*Problem requirements*
What must be handed in is the entire listing, exactly as written, with no pictures.

*Data extract*
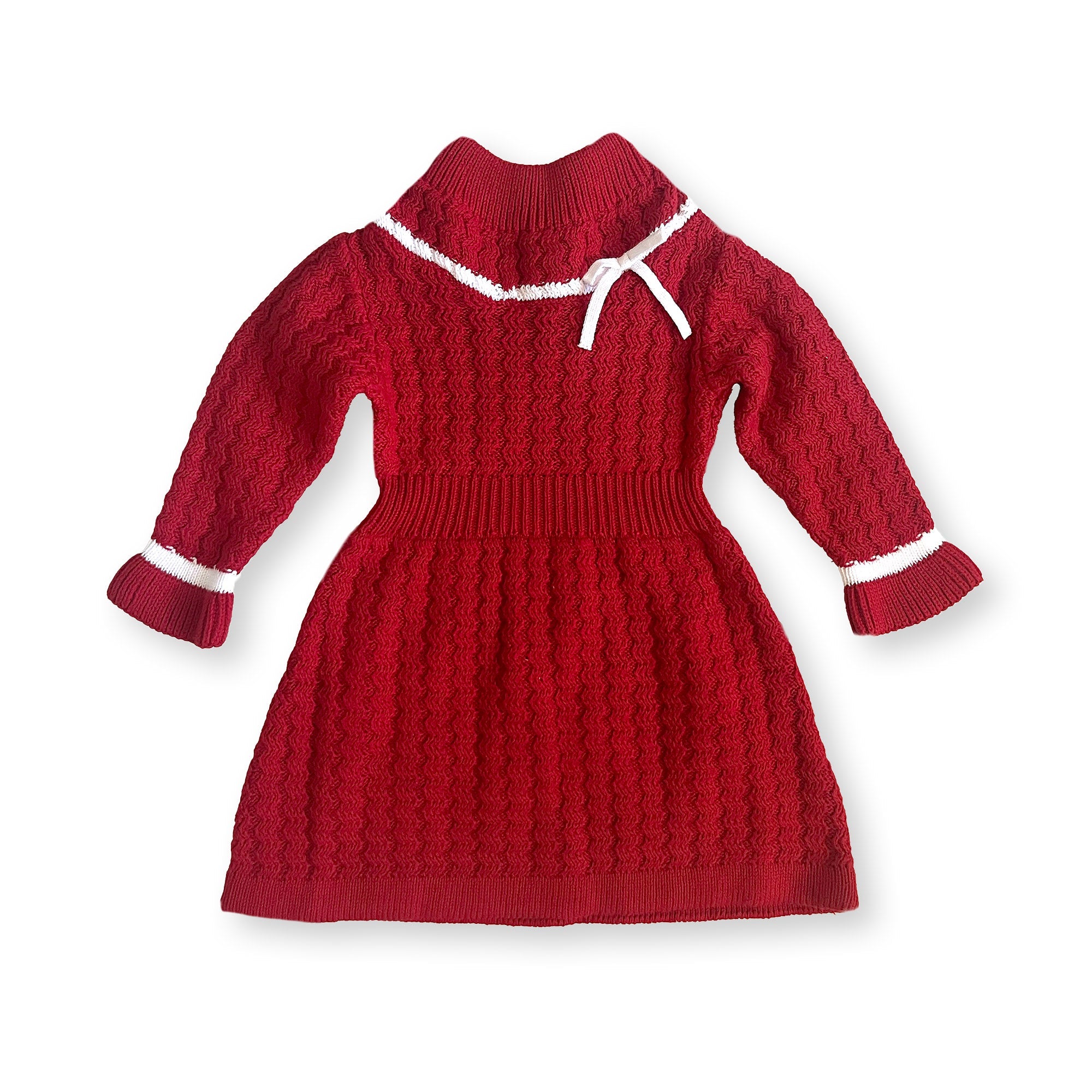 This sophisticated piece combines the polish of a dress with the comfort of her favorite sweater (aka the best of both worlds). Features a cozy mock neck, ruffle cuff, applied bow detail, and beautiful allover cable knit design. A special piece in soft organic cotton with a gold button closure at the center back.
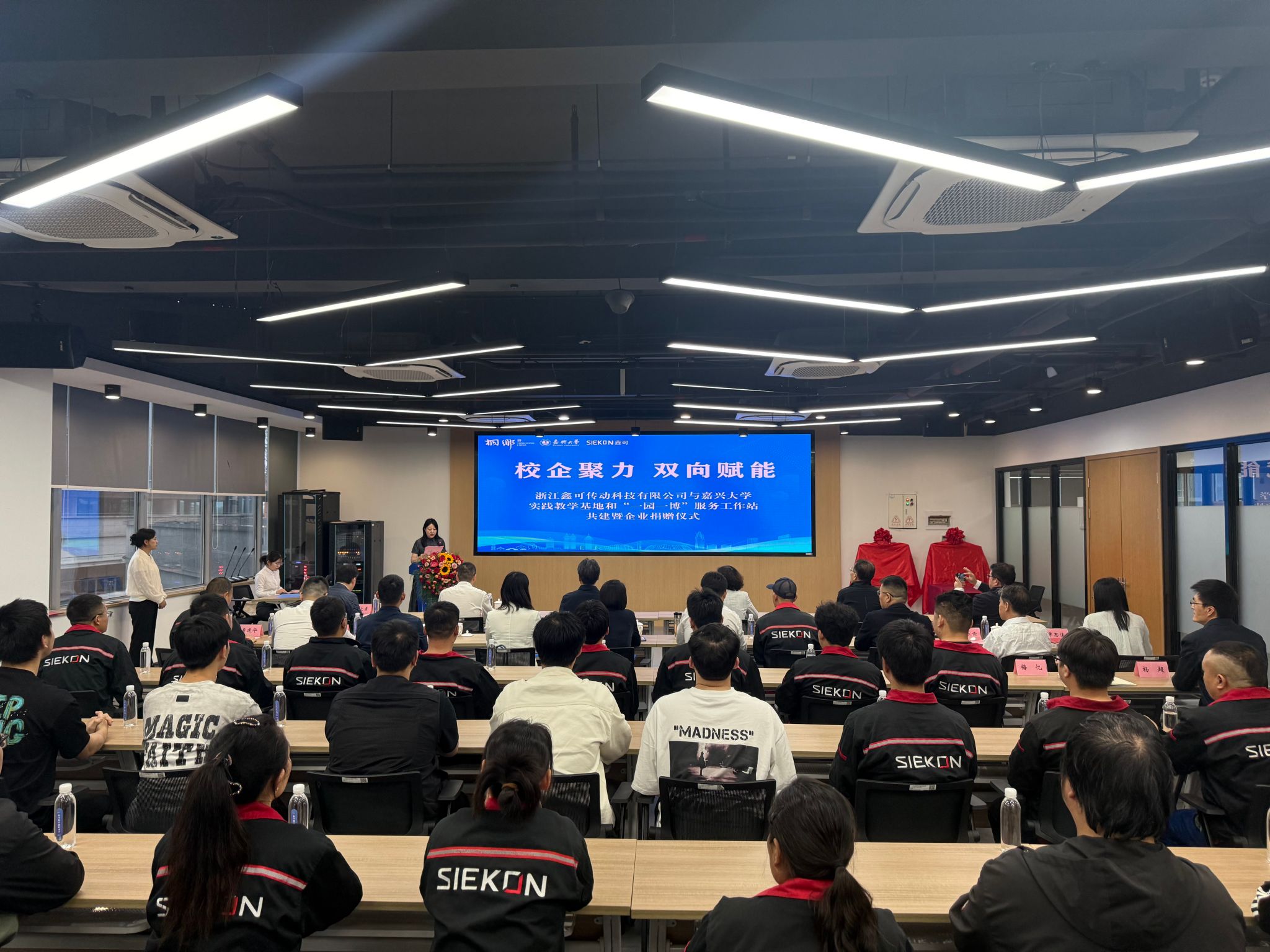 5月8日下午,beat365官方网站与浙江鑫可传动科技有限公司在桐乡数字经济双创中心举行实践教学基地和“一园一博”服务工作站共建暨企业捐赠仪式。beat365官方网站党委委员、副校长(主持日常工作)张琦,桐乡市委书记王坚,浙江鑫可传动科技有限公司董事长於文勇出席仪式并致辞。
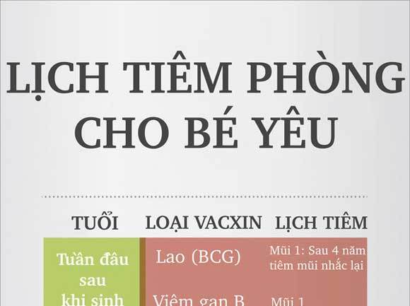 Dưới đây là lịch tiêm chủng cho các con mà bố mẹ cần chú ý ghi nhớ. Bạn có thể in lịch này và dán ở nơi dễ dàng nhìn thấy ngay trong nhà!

*Result of this task*
 This sophisticated piece combines the polish of a dress with the comfort of her favorite sweater (aka the best of both worlds). Features a cozy mock neck, ruffle cuff, applied bow detail, and beautiful allover cable knit design. A special piece in soft organic cotton with a gold button closure at the center back.
 5月8日下午,beat365官方网站与浙江鑫可传动科技有限公司在桐乡数字经济双创中心举行实践教学基地和“一园一博”服务工作站共建暨企业捐赠仪式。beat365官方网站党委委员、副校长(主持日常工作)张琦,桐乡市委书记王坚,浙江鑫可传动科技有限公司董事长於文勇出席仪式并致辞。
 Dưới đây là lịch tiêm chủng cho các con mà bố mẹ cần chú ý ghi nhớ. Bạn có thể in lịch này và dán ở nơi dễ dàng nhìn thấy ngay trong nhà!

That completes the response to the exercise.